┌──
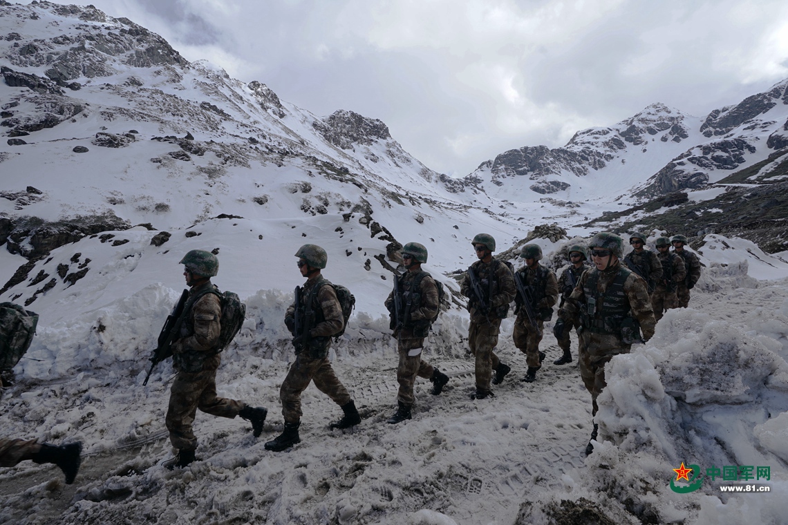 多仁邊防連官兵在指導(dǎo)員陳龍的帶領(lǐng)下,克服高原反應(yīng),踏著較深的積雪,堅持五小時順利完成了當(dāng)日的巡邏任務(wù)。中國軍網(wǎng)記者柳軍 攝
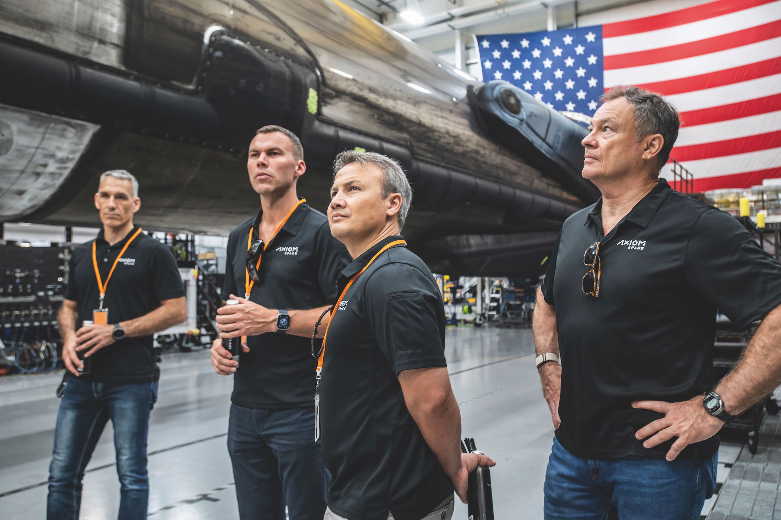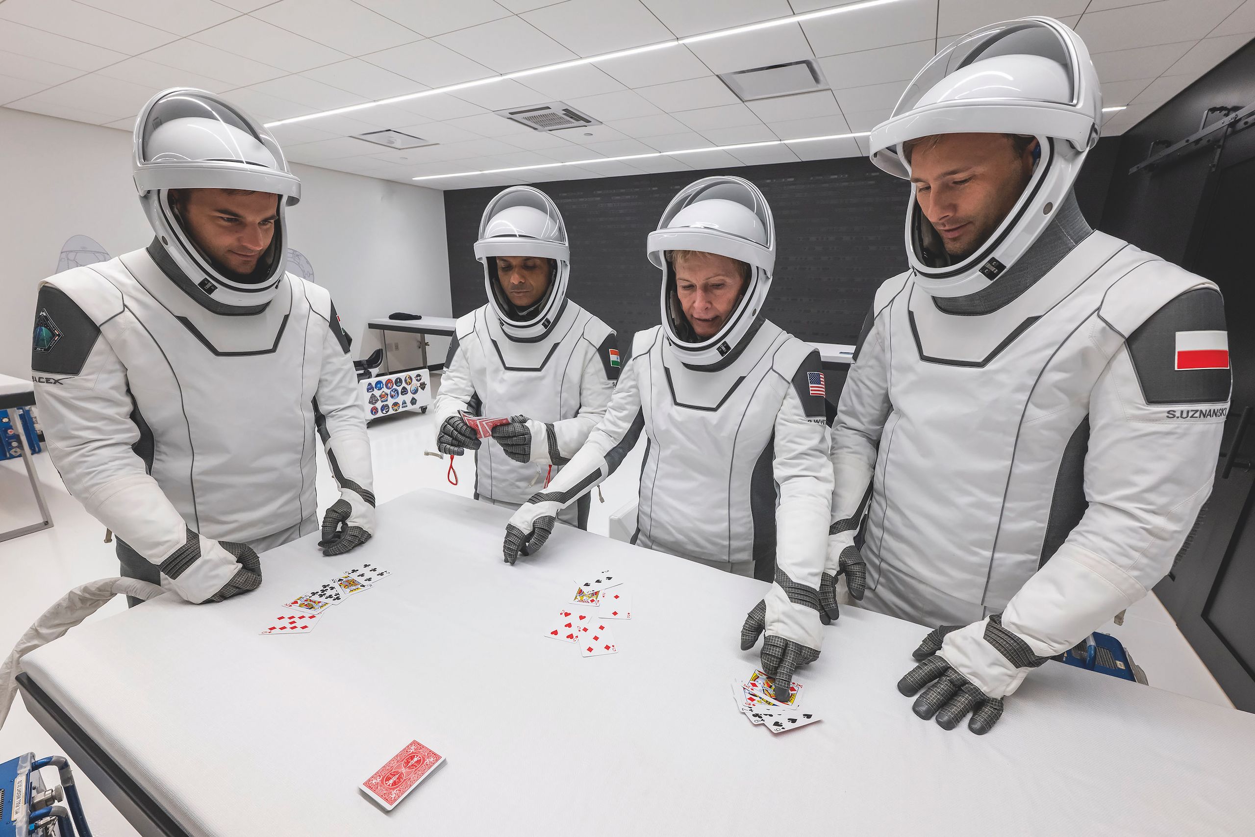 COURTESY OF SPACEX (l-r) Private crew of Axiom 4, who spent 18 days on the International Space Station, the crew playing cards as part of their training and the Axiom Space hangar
└──
┌──
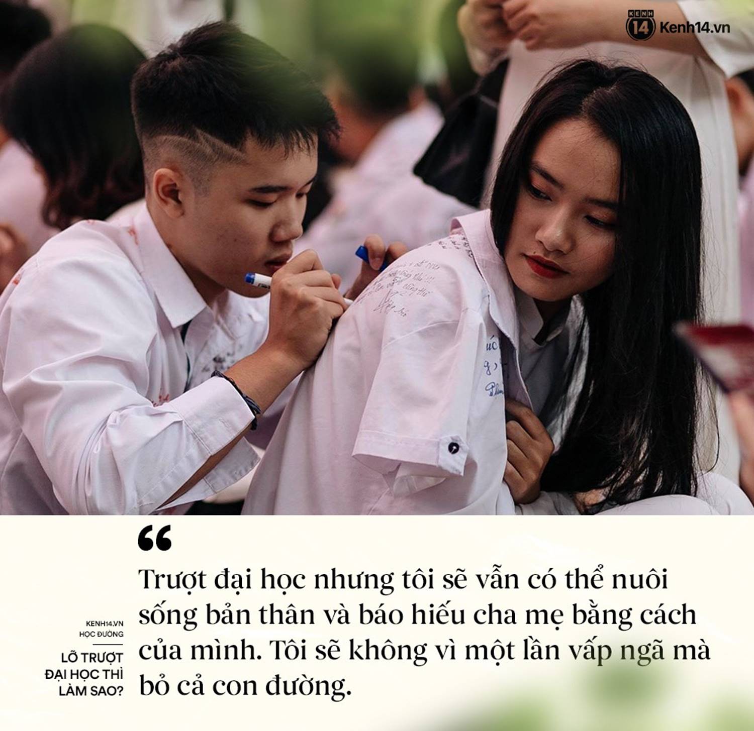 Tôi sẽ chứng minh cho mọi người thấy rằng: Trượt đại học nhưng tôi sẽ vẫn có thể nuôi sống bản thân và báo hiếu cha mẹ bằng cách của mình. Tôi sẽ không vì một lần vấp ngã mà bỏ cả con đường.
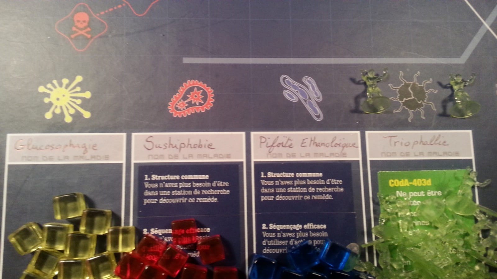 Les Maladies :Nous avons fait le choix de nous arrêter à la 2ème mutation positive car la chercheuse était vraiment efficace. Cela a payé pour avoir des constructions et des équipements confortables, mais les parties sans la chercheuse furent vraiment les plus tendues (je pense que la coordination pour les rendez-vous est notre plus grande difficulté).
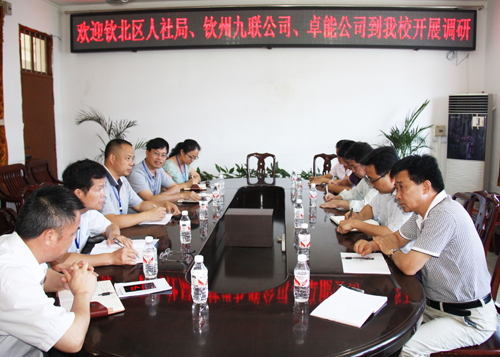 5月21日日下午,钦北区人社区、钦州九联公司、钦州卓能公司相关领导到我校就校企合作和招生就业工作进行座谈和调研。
└──
WORK INSTRUCTION: Start at the line containing "多仁邊防連官兵在指導(dǎo" above and stop at the line containing "COURTESY OF SPACEX". Output those lines exactly, both included, but none of the pictures.

RESPONSE TO THIS TASK:
 多仁邊防連官兵在指導(dǎo)員陳龍的帶領(lǐng)下,克服高原反應(yīng),踏著較深的積雪,堅持五小時順利完成了當(dāng)日的巡邏任務(wù)。中國軍網(wǎng)記者柳軍 攝
 COURTESY OF SPACEX (l-r) Private crew of Axiom 4, who spent 18 days on the International Space Station, the crew playing cards as part of their training and the Axiom Space hangar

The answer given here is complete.